*** Records supplied ***
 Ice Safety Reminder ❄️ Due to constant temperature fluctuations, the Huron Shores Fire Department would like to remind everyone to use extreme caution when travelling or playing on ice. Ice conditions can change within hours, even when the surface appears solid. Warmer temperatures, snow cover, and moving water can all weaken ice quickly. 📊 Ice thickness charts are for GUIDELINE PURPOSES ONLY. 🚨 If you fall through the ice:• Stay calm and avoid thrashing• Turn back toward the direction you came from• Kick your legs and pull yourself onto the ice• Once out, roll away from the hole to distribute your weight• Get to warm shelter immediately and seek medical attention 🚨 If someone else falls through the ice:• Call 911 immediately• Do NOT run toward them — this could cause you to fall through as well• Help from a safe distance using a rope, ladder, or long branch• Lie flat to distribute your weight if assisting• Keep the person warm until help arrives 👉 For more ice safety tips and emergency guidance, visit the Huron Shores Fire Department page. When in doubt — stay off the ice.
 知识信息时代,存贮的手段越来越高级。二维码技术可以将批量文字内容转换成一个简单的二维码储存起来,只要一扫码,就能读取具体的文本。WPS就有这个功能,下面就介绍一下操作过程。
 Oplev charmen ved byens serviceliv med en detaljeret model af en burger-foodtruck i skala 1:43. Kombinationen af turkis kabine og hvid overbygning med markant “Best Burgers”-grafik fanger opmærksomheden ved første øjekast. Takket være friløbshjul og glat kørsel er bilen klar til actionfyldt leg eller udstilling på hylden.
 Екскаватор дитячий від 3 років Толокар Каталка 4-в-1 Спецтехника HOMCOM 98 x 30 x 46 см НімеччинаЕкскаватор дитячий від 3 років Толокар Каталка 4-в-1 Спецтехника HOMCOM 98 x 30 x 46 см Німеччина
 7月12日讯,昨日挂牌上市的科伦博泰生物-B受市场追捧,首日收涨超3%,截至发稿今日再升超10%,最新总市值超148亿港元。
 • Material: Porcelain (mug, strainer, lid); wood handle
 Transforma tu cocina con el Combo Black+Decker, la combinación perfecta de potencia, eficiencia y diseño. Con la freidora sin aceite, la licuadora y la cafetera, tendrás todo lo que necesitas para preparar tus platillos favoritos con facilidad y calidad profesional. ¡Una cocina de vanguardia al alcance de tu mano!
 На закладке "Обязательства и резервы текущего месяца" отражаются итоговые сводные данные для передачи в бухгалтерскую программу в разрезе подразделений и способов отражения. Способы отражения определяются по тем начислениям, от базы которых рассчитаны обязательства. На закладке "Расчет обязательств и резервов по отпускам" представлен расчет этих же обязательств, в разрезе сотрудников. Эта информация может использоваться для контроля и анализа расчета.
***
#### Exercise aim:
Once more and in full, please write out the listing above exactly.

#### Output for this exercise:
 Ice Safety Reminder ❄️ Due to constant temperature fluctuations, the Huron Shores Fire Department would like to remind everyone to use extreme caution when travelling or playing on ice. Ice conditions can change within hours, even when the surface appears solid. Warmer temperatures, snow cover, and moving water can all weaken ice quickly. 📊 Ice thickness charts are for GUIDELINE PURPOSES ONLY. 🚨 If you fall through the ice:• Stay calm and avoid thrashing• Turn back toward the direction you came from• Kick your legs and pull yourself onto the ice• Once out, roll away from the hole to distribute your weight• Get to warm shelter immediately and seek medical attention 🚨 If someone else falls through the ice:• Call 911 immediately• Do NOT run toward them — this could cause you to fall through as well• Help from a safe distance using a rope, ladder, or long branch• Lie flat to distribute your weight if assisting• Keep the person warm until help arrives 👉 For more ice safety tips and emergency guidance, visit the Huron Shores Fire Department page. When in doubt — stay off the ice.
 知识信息时代,存贮的手段越来越高级。二维码技术可以将批量文字内容转换成一个简单的二维码储存起来,只要一扫码,就能读取具体的文本。WPS就有这个功能,下面就介绍一下操作过程。
 Oplev charmen ved byens serviceliv med en detaljeret model af en burger-foodtruck i skala 1:43. Kombinationen af turkis kabine og hvid overbygning med markant “Best Burgers”-grafik fanger opmærksomheden ved første øjekast. Takket være friløbshjul og glat kørsel er bilen klar til actionfyldt leg eller udstilling på hylden.
 Екскаватор дитячий від 3 років Толокар Каталка 4-в-1 Спецтехника HOMCOM 98 x 30 x 46 см НімеччинаЕкскаватор дитячий від 3 років Толокар Каталка 4-в-1 Спецтехника HOMCOM 98 x 30 x 46 см Німеччина
 7月12日讯,昨日挂牌上市的科伦博泰生物-B受市场追捧,首日收涨超3%,截至发稿今日再升超10%,最新总市值超148亿港元。
 • Material: Porcelain (mug, strainer, lid); wood handle
 Transforma tu cocina con el Combo Black+Decker, la combinación perfecta de potencia, eficiencia y diseño. Con la freidora sin aceite, la licuadora y la cafetera, tendrás todo lo que necesitas para preparar tus platillos favoritos con facilidad y calidad profesional. ¡Una cocina de vanguardia al alcance de tu mano!
 На закладке "Обязательства и резервы текущего месяца" отражаются итоговые сводные данные для передачи в бухгалтерскую программу в разрезе подразделений и способов отражения. Способы отражения определяются по тем начислениям, от базы которых рассчитаны обязательства. На закладке "Расчет обязательств и резервов по отпускам" представлен расчет этих же обязательств, в разрезе сотрудников. Эта информация может использоваться для контроля и анализа расчета.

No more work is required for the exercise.